Solar Prediction Map Classification

Updated 11 November 2025

Solar prediction map classification is a suite of computational methods that label solar images using curated datasets and multi-modal observations to forecast solar events like flares and coronal holes.
Key approaches involve extracting physics-based, geometric, and topological features combined with classical and deep learning architectures to capture spatiotemporal solar patterns.
Evaluation frameworks employ metrics such as TSS and F1 scores, ensuring robust, ensemble-based performance across diverse active regions and full solar cycles.

Solar prediction map classification refers to the suite of computational methods for assigning scientifically meaningful labels to solar images or derived maps, with the goal of supporting quantitative predictions of solar activity (e.g., flares, coronal holes, or related phenomena) and downstream space weather forecasting. These methodologies integrate solar imaging (magnetograms, EUV, H-alpha), machine learning, statistical evaluation, and domain-specific segmentation and matching techniques to extract and classify spatiotemporal patterns that correlate with eruptive events or solar wind sources.

1. Dataset Foundations and Labeling Protocols

State-of-the-art solar prediction map classification relies on large, rigorously curated datasets combining spaceborne (e.g., SDO/HMI, GOES/SUVI) and ground-based (e.g., GONG) observations. For flare prediction, magnetogram image sets are typically constructed as AR-centric cutouts, with consistent registration and pixel dimensions (e.g., 600×600 px full-res FITS, reduced to 224×224 px image tiles). Temporal coverage spans over a full solar cycle (e.g., 2010–2018), with labeling of each map/timepoint derived from GOES event logs using configurable association windows (e.g., Δt = 24 h before peak, minimum threshold C1.0) and hierarchical class encoding tied to physical flare intensity (e.g., “0”, “C1.0”, “M2.5”, “X1.0”) (Boucheron et al., 2023).

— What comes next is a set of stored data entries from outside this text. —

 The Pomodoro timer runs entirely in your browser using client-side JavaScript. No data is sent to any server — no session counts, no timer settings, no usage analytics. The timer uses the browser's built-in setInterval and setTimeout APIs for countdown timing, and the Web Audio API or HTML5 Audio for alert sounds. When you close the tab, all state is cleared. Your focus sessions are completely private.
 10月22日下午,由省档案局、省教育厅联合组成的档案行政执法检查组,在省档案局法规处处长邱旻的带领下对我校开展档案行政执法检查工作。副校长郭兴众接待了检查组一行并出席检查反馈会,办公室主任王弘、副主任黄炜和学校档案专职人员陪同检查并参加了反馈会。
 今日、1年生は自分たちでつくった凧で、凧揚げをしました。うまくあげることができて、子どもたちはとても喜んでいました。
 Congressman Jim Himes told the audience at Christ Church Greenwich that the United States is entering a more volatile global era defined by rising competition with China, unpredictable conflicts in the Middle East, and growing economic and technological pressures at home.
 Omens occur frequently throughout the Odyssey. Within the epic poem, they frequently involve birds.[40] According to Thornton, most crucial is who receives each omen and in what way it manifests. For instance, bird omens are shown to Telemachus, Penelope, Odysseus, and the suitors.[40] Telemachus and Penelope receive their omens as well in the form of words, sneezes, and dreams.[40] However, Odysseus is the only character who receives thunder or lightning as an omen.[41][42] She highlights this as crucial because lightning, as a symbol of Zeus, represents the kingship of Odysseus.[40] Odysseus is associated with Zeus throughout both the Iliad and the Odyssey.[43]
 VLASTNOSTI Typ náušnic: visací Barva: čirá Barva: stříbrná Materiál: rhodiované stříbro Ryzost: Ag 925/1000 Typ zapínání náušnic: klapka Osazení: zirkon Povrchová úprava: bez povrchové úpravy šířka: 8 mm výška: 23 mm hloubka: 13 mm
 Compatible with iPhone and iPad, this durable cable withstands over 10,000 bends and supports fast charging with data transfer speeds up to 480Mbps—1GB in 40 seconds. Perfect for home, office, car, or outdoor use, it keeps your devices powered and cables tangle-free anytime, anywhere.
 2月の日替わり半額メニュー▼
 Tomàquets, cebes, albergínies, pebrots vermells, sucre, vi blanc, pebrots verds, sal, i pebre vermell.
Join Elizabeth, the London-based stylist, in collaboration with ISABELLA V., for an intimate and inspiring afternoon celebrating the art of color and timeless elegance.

Coronal hole segmentation and map validation rely on multi-modal EUV observations, co-registered with photospheric magnetic field maps and human consensus for annotation. Labeling uncertainty from inter-expert disagreement is explicitly identified: initial Fleiss’s κ statistics indicate high nominal agreement when quiet Sun dominates, but much lower κ (≈0.38) for minority features such as filaments or prominences (reflecting intrinsic ambiguity in boundary placement and feature definition) (Hughes et al., 2019).

Standard splits for train/validation/test enforce segregation by active region (unique AR numbers) to avoid data leakage and to reflect operational requirements—ensuring generalization across solar disk passage or across solar cycles (Boucheron et al., 2023, Bobra et al., 2014, Chen et al., 2019).

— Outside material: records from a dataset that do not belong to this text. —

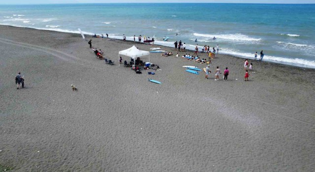 Sörf Eğitmeni Deniz Toprak, Akdeniz’e kıyısı olan Samandağ’da yılın her döneminde sörf yapılabildiğine dikkat çekerek çocukların kısa sürede öğrendikleri sörf sporunda başarılar elde etmeye başladıklarını söyleyerek, “Samandağ’ına geldim, ve inanılmaz dalgalar olduğunu gördüm. Sonra düşündüm acaba bu ne sıklıkta Metrolojinden tarihi dataya, baktım çok sık, rüzgar oluyor ve bu rüzgarlardan dalga oluşuyor. Demek ki sene boyunca sörf yapılabilir dedim. Buranın gençleri böyle bir şey ister mi acaba diye düşüldükten sonra duyuruya çıktık. 2023 yılı Mayıs ayında Hızır Türbesi’nin önündeyim sörf yapmak isteyen beni bulun diye bir paylaşım yaptım ve birkaç tane genç arkadaşımız bu duyuruya cevap verdi. Hızır Türbesi’nin önünde buluştuk. İlk sörf eğitimlerini aldılar sudan çıkmak istemediler çok sevdiler sörfü ve daha sonra velileri ile konuştuk o zamanlar okullar kapalıydı biz bu çocuklara götürmek istiyoruz. Ordudaki sörf merkezimize çocukları götürdük, çok sıkı bir eğitimi aldılar. Bir anda bu çocuklar hem sörf öğretmeye, hem de sörf sporunda çok güzel başarılara elde etmeye başladılar. Türkiye şampiyonasında derece yaptılar. Bizde dedik o zaman bu iki çocuğumuz gibi biz, yüzlere, binlere öğrenci çıkartabiliriz çünkü burada dalga var. Samandağ’da her gün sörf yapılabilir” dedi.
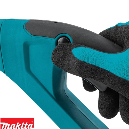 The simple lever lock allows the shaft to be extended to provide a comfortable position for a wide range of heights, and the position of the front handle can be adjusted to further suit different users. The lever lock also allows the shaft to be rotated 180 degrees, to allow the head to cut in a vertical position without the user changing their hand position.
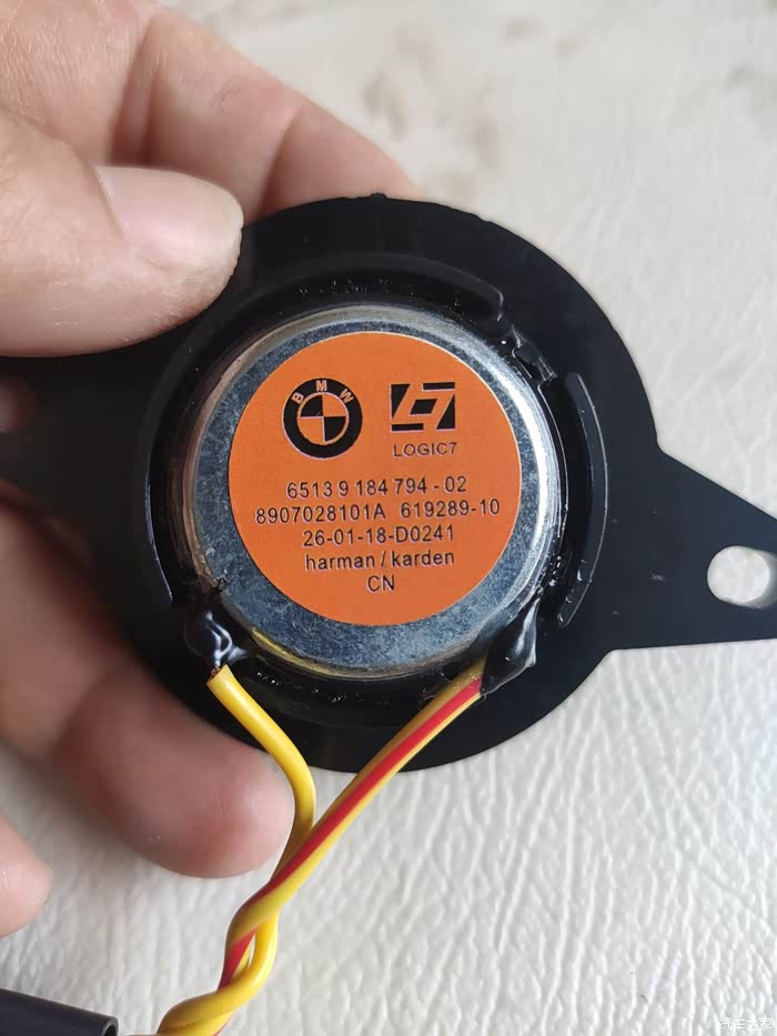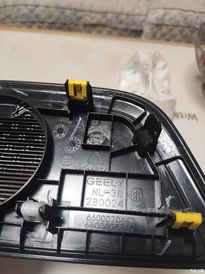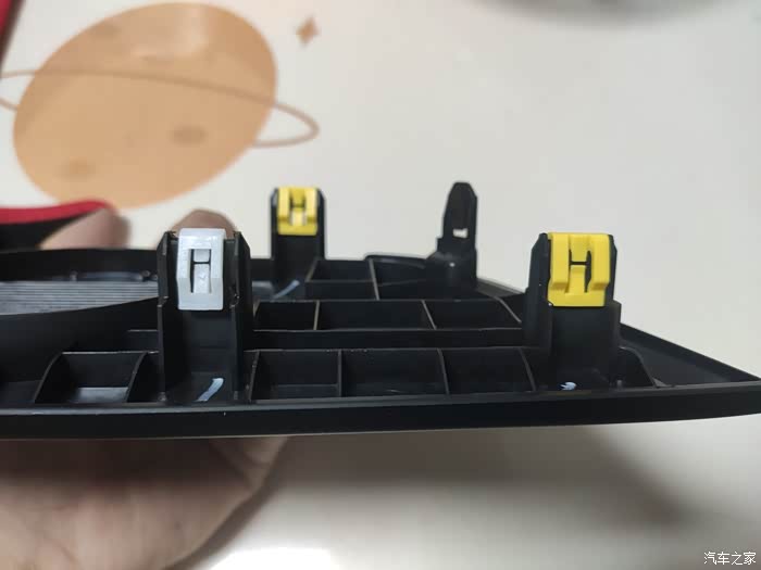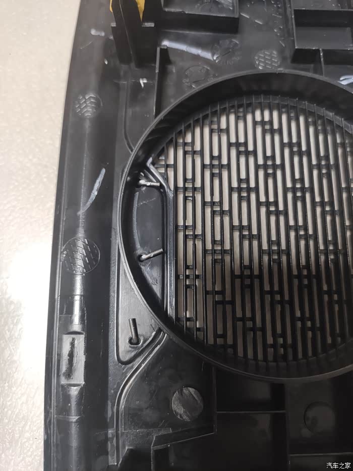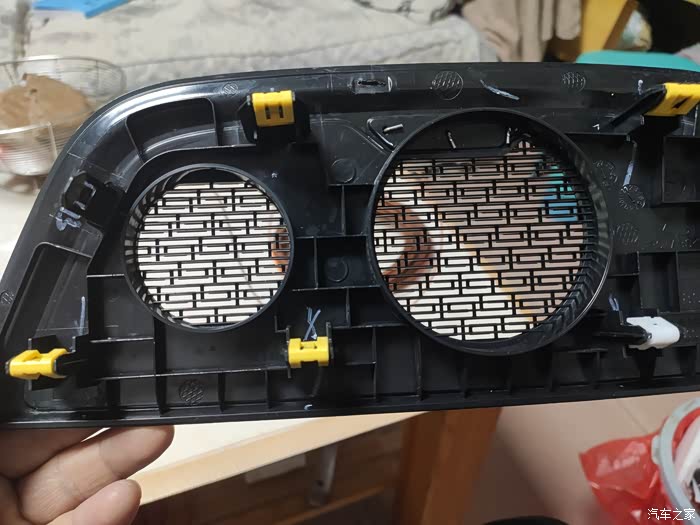 d.拆卸喇叭的盖板。盖板本身是有孔的,省下更换的费用。盖板没有螺丝,两侧两个定位销和若干黄色卡扣,下面有图显示,看清卡扣的位置,胆大心细的撬开就行。(技巧,不要在一个地方使劲翘开大角度,应该分散翘,防止某个卡扣受力集中断掉)

2. Map Classification Tasks and Evaluation Frameworks

Solar prediction map classification tasks fall into several categories:

Binary flare prediction (flare/no-flare): Assigns a dichotomous label to each AR magnetogram or time series window, based on occurrence (or forecast) of a major flare (e.g., M1.0+, C1.0+) within a pre-defined window (Boucheron et al., 2023, Bobra et al., 2014, Chen et al., 2019).
Multi-class flare classification: Predicts among several discrete GOES classes (B, C, M, X) or on a finer intensity scale, typically using a softmax output or regression on continuous flux (Boucheron et al., 2023, Chen et al., 2019).
Coronal hole/structural segmentation and map agreement: Assigns a region label to each pixel, focusing on mapping coronal holes or other solar features. Agreement between observed and physical (model-derived) maps is scored for operational model selection (Jatla et al., 2022, Jatla, 2022).
Map-level “good/bad” classification: Used to select the optimal PFSS/WSA solar wind model boundary based on spatial agreement with observed segmentation (e.g., using Random Forest on area/number difference features) (Jatla et al., 2022).

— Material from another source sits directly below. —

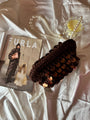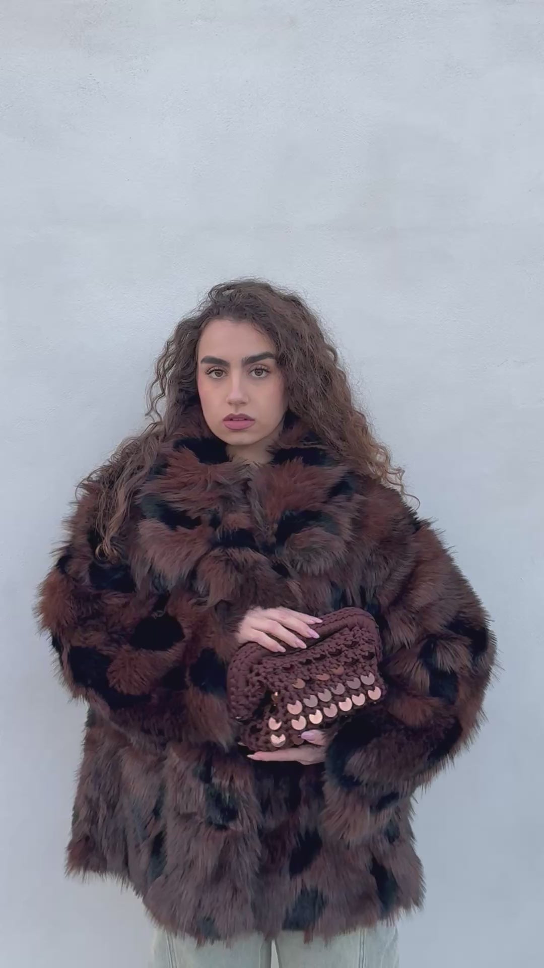 Pasticcino medium caffè paillettes, realizzata 100% a mano con tessuti Premium made in Italy.

Performance evaluation is anchored on class-imbalance-robust metrics:

$\text{Accuracy} = \frac{TP + TN}{TP + TN + FP + FN}$

$\text{Precision} = \frac{TP}{TP + FP}$

$\text{Recall} = \frac{TP}{TP + FN}$

$F_1 = 2 \frac{\text{Precision} \times \text{Recall}}{\text{Precision} + \text{Recall}}$

$\text{TSS} = \frac{TP}{TP+FN} - \frac{FP}{FP+TN}$

With additional domain-tailored statistics such as Heidke Skill Score (HSS) and confusion matrix analyses by class (Boucheron et al., 2023, Hughes et al., 2019, Bobra et al., 2014).

3. Feature Extraction: Physics, Geometry, and Topology

Magnetogram image classification traditionally relies on scalar physical features known to correlate with flare activity. These include, for each AR patch:

Total unsigned magnetic flux ( $\Phi = \sum |B_r|\,dA$ )
Vertical current density, current helicity, and related Lorentz force proxies
Gradients, nonpotentiality, and polarity inversion line (PIL) metrics
Physically motivated global and local descriptors (see Table 3 in (Bobra et al., 2014))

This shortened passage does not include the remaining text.